I have a Rails 3.0.9 application running both locally in my dev env and remotely on a heroku app. I have a method that imports a CSV file into a model, and this file can contain non-english characters, like °,á,é,í, etc (it's in spanish).
I am currently able to import the complete file (75k records) without any problems in my local dev (SQLite) database; but, when uploading the db to heroku with heroku db:push
, it fails with the error I'm posting in the title:
!!! Caught Server Exception
HTTP CODE: 500
Taps Server Error: PGError: ERROR: invalid byte sequence for encoding "UTF8": 0xba
HINT: This error can also happen if the byte sequence does not match the encoding expected by the server, which is controlled by "client_encoding".

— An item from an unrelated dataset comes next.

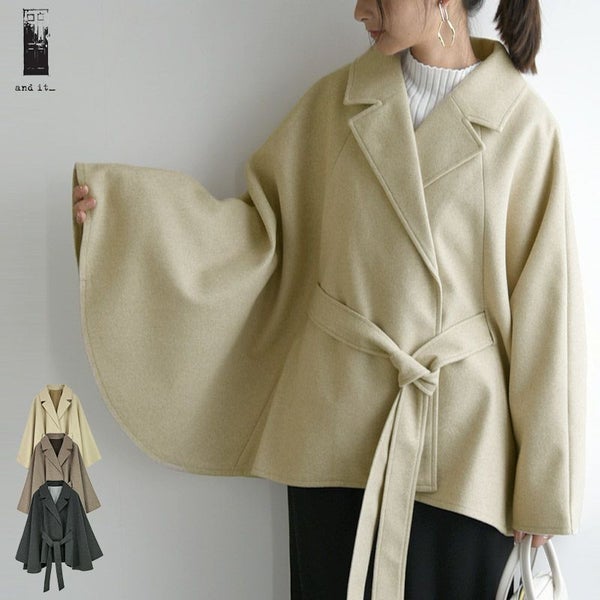 コート ポンチョ レディース 秋冬 ポンチョコート アウター 長袖 あったか お洒落 個性的 上品 きれいめ リボン ウエストリボン リボン付き ベルト ベルト付き 杢ベージュ 杢ブラウン 杢チャコール ベージュ ブラウン チャコール 羽織り 羽織 秋コート 冬コート andit_ and it_ andit ANDIT_ ANDIT あんどいっと アンドイット AW 新作 NEW カジュアル ナチュラル きれいめ 大人可愛い 大人女子 お洒落 トレンド シンプル ニュアンス M Mサイズ ゆったり 楽ちん ラフ 体型カバー ぽっちゃり プチプラ ファッション レディースファッション ママ服 20 30 40 50 20代 30代 40代 50代

Apparently, Heroku has issues inserting the '°' character. (At the moment the file doesn't have any á,é,í, etc characters, but I suspect these might fail too.)
I have set in my application.rb
file the default encoding, as follows:
#.../application.rb
config.encoding = "utf-8"
What else can I do to set the 'client encoding' and solve this problem?
The numero sign,
º
, is 0xBA in ISO-8869-1 not UTF-8. So your CSV file is encoded with Latin-1 but you're trying to store it in your database as UTF-8 without fixing the encoding.You can try telling your CSV library that it is dealing with Latin-1 encoded text and maybe it will take care of converting to UTF-8. If that doesn't work, then you can do it yourself with Iconv:
You're not having trouble with SQLite because SQLite tends be very forgiving and it has a very loose type system. PostgreSQL, OTOH, tends to be rather strict and properly complains if you try to feed it invalid data. I'd recommend that you stop developing on top of SQLite if you're going to be deploying to Heroku and PostgreSQL, there are other differences that will cause problems (the behavior of GROUP BY and LIKE for example).